Six people are in a conference room. Four are Jewish, two are not.
This may sound like the opening line of a joke, but I know my oratory limitations well enough to avoid that tack.
I’m actually describing a meeting I attended Wednesday morning. The group was discussing a new concept for providing much-needed social services in the greater Philadelphia area, with a focus on making them readily available to the Jewish community. The funders (who were not in the room) had expressed interest in providing the services, at least initially, only to Jews and only through Jewish agencies.
How do you think this went over with the non-Jews in the room? And how do you think the Jews reacted?
*****
The two non-Jews barely seemed to register the issue. They focused on the need and how best to respond through the expertise each of us brought to the table.
Each of the four Jews, however, exhibited discomfort, one quite frankly and the others more subtly.
Later, in private, one of them said to me, “I hate the culture of Jews for Jews.” He was not suggesting that Jews should not support Jews, but that we best do so by supporting the broader community from the outset. In the case at hand, the established Jewish organizations in Philadelphia fail to provide the full scope of relevant and critical social services. We would deny our fellow Jews critical resources by limiting our program to Jewish agencies. In addition, the Jewish people needing these services seek, in part, socialization with others who have similar issues. By limiting them to the Jewish community, we would dramatically decrease their opportunity for developing a strong and extensive peer group.
Parashah Va-ethannan, however, with its frequent references to the chosen status of the Israelites, easily could suggest that we are to keep among ourselves as a community apart. We may understand this from D’varim 4:3-4, with the words “Adonai your God wiped out from among you every person who followed Baal-peor; while you, who held fast to Adonai your God, are all alive today.” And from verse 20: “you Adonai took and brought out of Egypt, that iron blast furnace, to be God’s very own people....” We read in verses 37 and 38, “God loved your fathers, God chose their heirs after them; … God led you out of Egypt, to drive from your path nations greater and more populous than you, to take you into their land and assign it to you as a heritage….” Certainly, chapter 7 seems to reinforce the message:
When Adonai your God brings you to the land that you are about to enter and possess, and dislodges many nations before you…and Adonai your God delivers them to you and you defeat them, you must doom them to destruction: grant them no terms and give them no quarter. You shall not intermarry with them: do not give your daughters to their sons or take their daughters for your sons. … Instead … you shall tear down their altars, smash their pillars, cut down their sacred posts, and consign their images to the fire. …[O]f all the peoples on earth Adonai your God chose you to be God’s treasured people.

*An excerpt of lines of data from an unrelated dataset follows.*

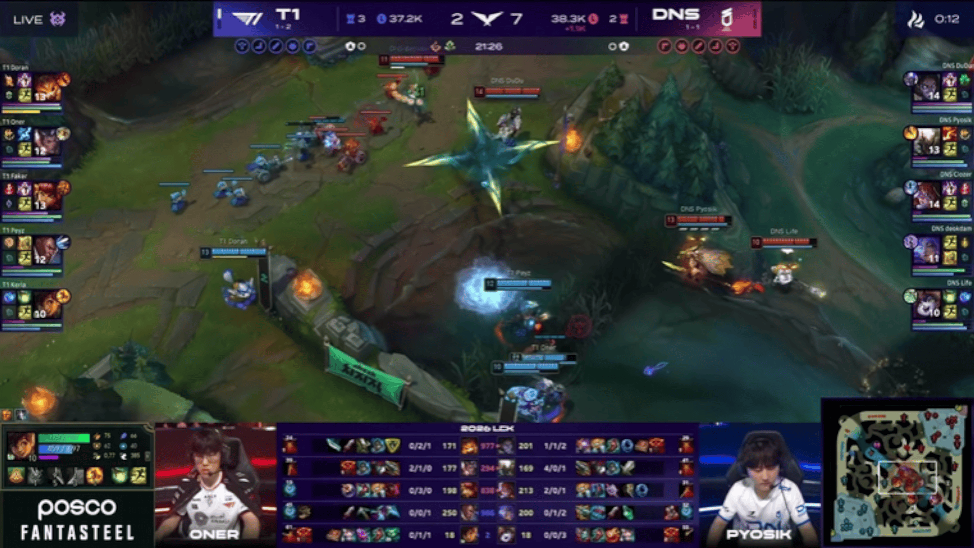 T1 1-0 DNS:Oner超神盲僧12/0强势发挥,T1首局轻取DNS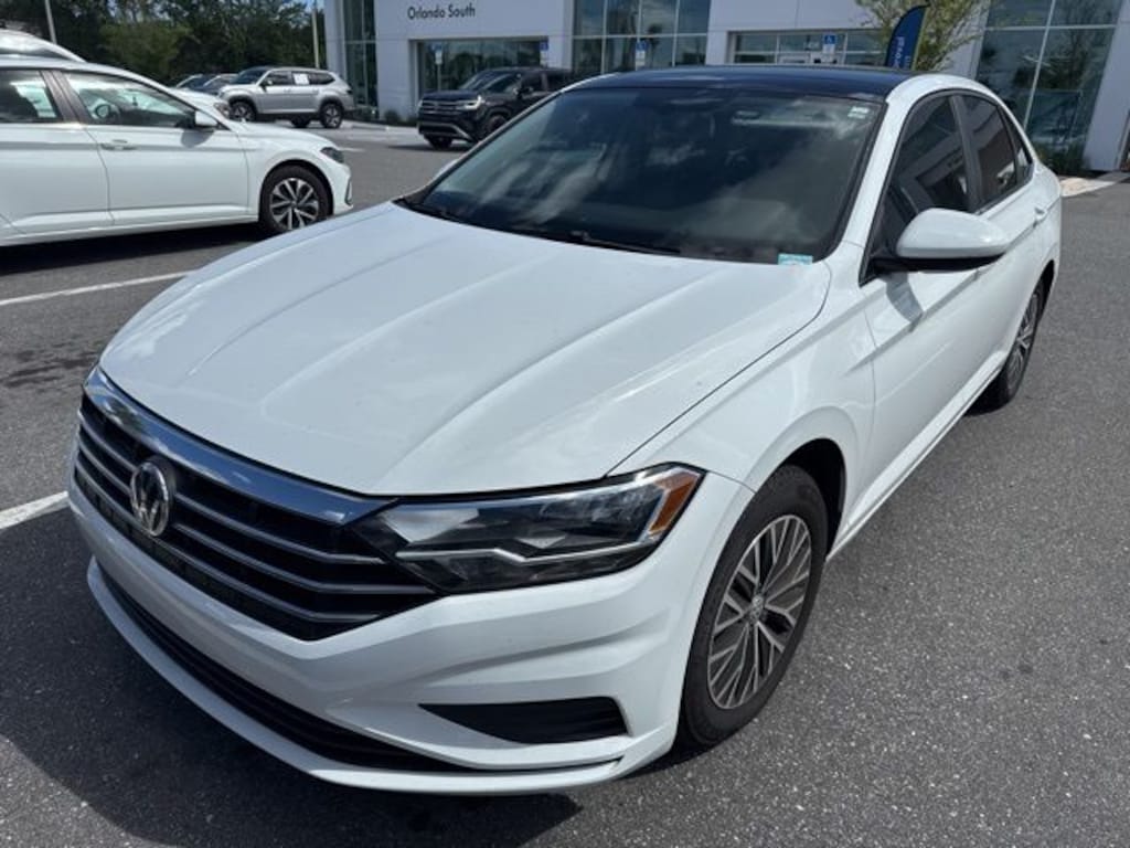 The exterior of this Jetta is adorned in a timeless White color, complemented by a host of premium features. Heated door mirrors, a power moonroof, and 16-inch 2-Tone Machined Alloy wheels add a touch of elegance and sophistication to the design.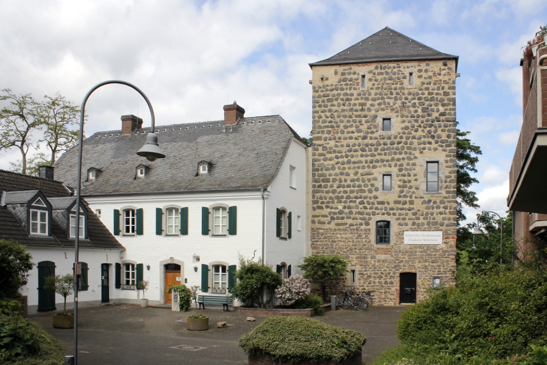 Der mehr als 800 Jahre alte Zündorfer Wehrturm bietet einen architektonisch besonderen Raum für zeitgenössische Kunst und Kultur. Er liegt an der Freizeitinsel Groov, einem der reizvollsten Ausflugsziele im rechtsrheinischen Köln und ist nicht nur eines der markantesten Wahrzeichen von Zündorf, sondern auch ein einzigartiger Ausstellungsort. Im Mittelalter zu Wohn- und Verteidigungszwecken genutzt, hält der Turm für Besucher*innen eine bauliche Besonderheit bereit: Den von der Kölner Architekturlegende Gottfried Böhm Ende der 1970er-Jahre in die mittelalterliche „Hülle“ eingehängten modernen Innenausbau aus Sichtbeton.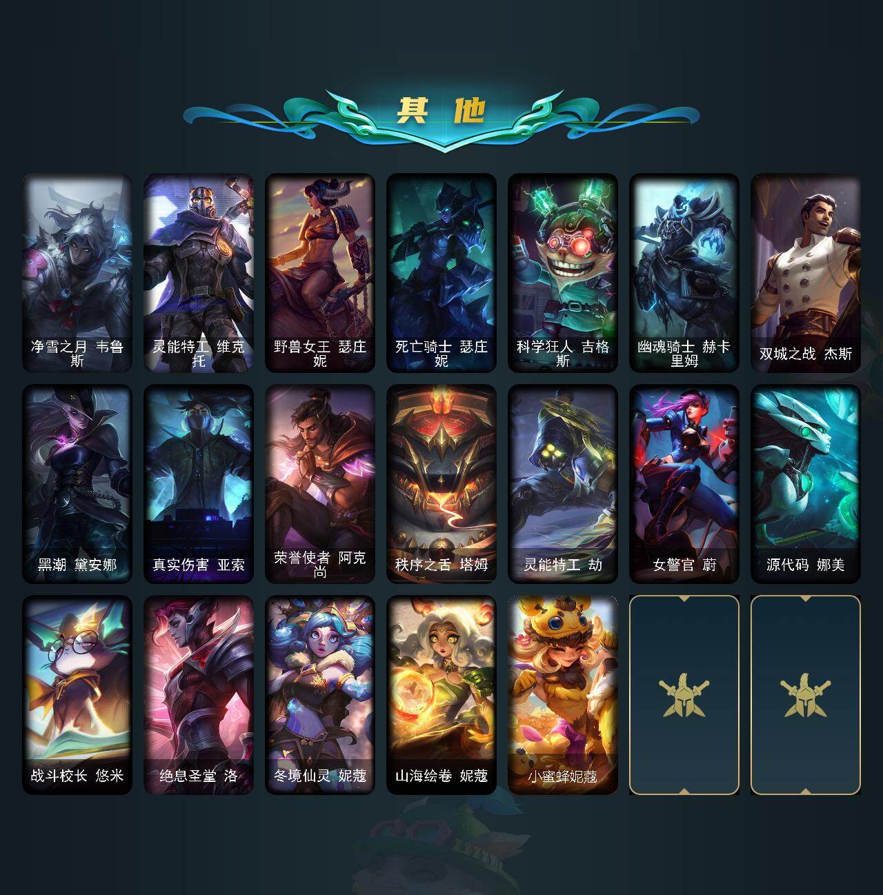 【LOLF2669】172英雄/181皮肤/1终极/4神话/18限定/4臻彩/78炫彩/10传说/39史诗/未定级/十周年纪念安妮/源代码乐芙兰/至臻永恒星灵佐伊/至臻北极星神梅尔/冠军之志瑞兹凯旋圣装/冠军之刃锐雯2016凯旋圣装/玉剑传说无劫胭脂/魔女阿卡丽虚荣/龙腾虎跃瑟提/圣诞精灵崔丝塔娜/平安夜女神娑娜/大元素使拉克丝/Fnatic古拉加斯/胜利之剑亚托克斯/胜利枪神卢锡安/胜利女神瑟庄妮/胜利凤凰艾尼维亚/胜利之王泰达米尔/胜利巨口克格莫/胜利女神娑娜/胜利剑圣易/都铎王朝图奇/战场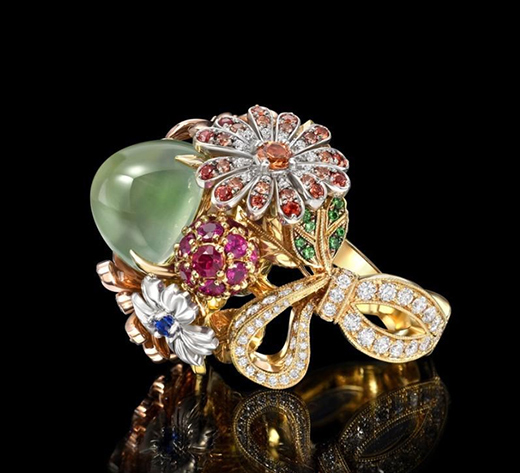 運用黃金、白金和玫瑰金制作,主石為一顆9.44ct綠色月光石,點綴鉆石,黃鉆,綠色石榴石,紅寶石和彩色藍寶石。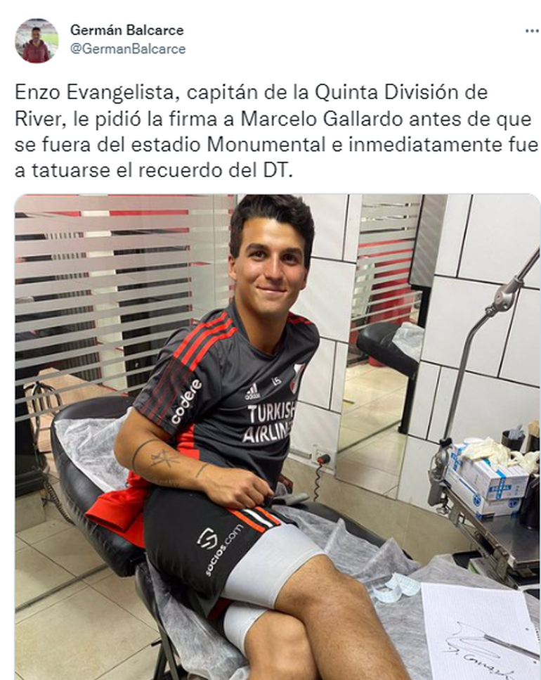 Enzo Evangelista, capitán de la quinta división de River, fue uno de los pibes del club que aguardaban por el Muñeco. El juvenil, al que algunos lo definen como el futuro Enzo Pérez, le pidió un autógrafo a Gallardo.

How can we not read this parashah as an injunction to live apart? Jews among Jews. Jews for Jews.
But let’s read it again.
Chapter 4 verse 6 tells us to “observe [the laws and rules] faithfully, for that will be proof of your wisdom and discernment to other peoples, who on hearing of these laws will say, ‘Surely, that great nation is a wise and discerning people.’” Within the Decalogue, which we read in this parashah, the commandment to observe the sabbath includes “the stranger in your settlements, so that your male and female slave may rest as you do,” adding “Remember that you were a slave in the land of Egypt.” And the v’ahavta (which also appears in this parashah in case the shema just before it and the Decalogue weren’t enough to make this a heavy hitter) instructs us to “bind [the laws] as a sign on your hand and let them serve as a symbol on your forehead; inscribe them on the doorposts of your house and on your gates.”
These passages remind us that we are in no way a nation apart. Rather, we live very much among the world at large, and our chosenness confers a responsibility to set an example, not a privilege to remain separate. If social construct allows us what society defines as privilege, our own experience as slaves in Egypt must put this in perspective, teaching us to be inclusive of strangers and of those who serve us. Finally, we bear responsibility not only to keep the laws within our community and teach them to our own children, but to post them where all people can benefit.
Chapter 4 opens by stating why we observe the law: so we may enter the land. Chapter 5 begins with an explanation of why we study the law: so we may observe it. On our individual journey with the law, we travel in a closed system. Yet when we teach the law, the world opens up. From the passage that models the wise child’s question in the Passover Haggadah, we learn that when our children ask what the laws mean we are to invoke our slavery in Egypt…the very reference that we’ve just connected, in the Decalogue, with including the strangers among us.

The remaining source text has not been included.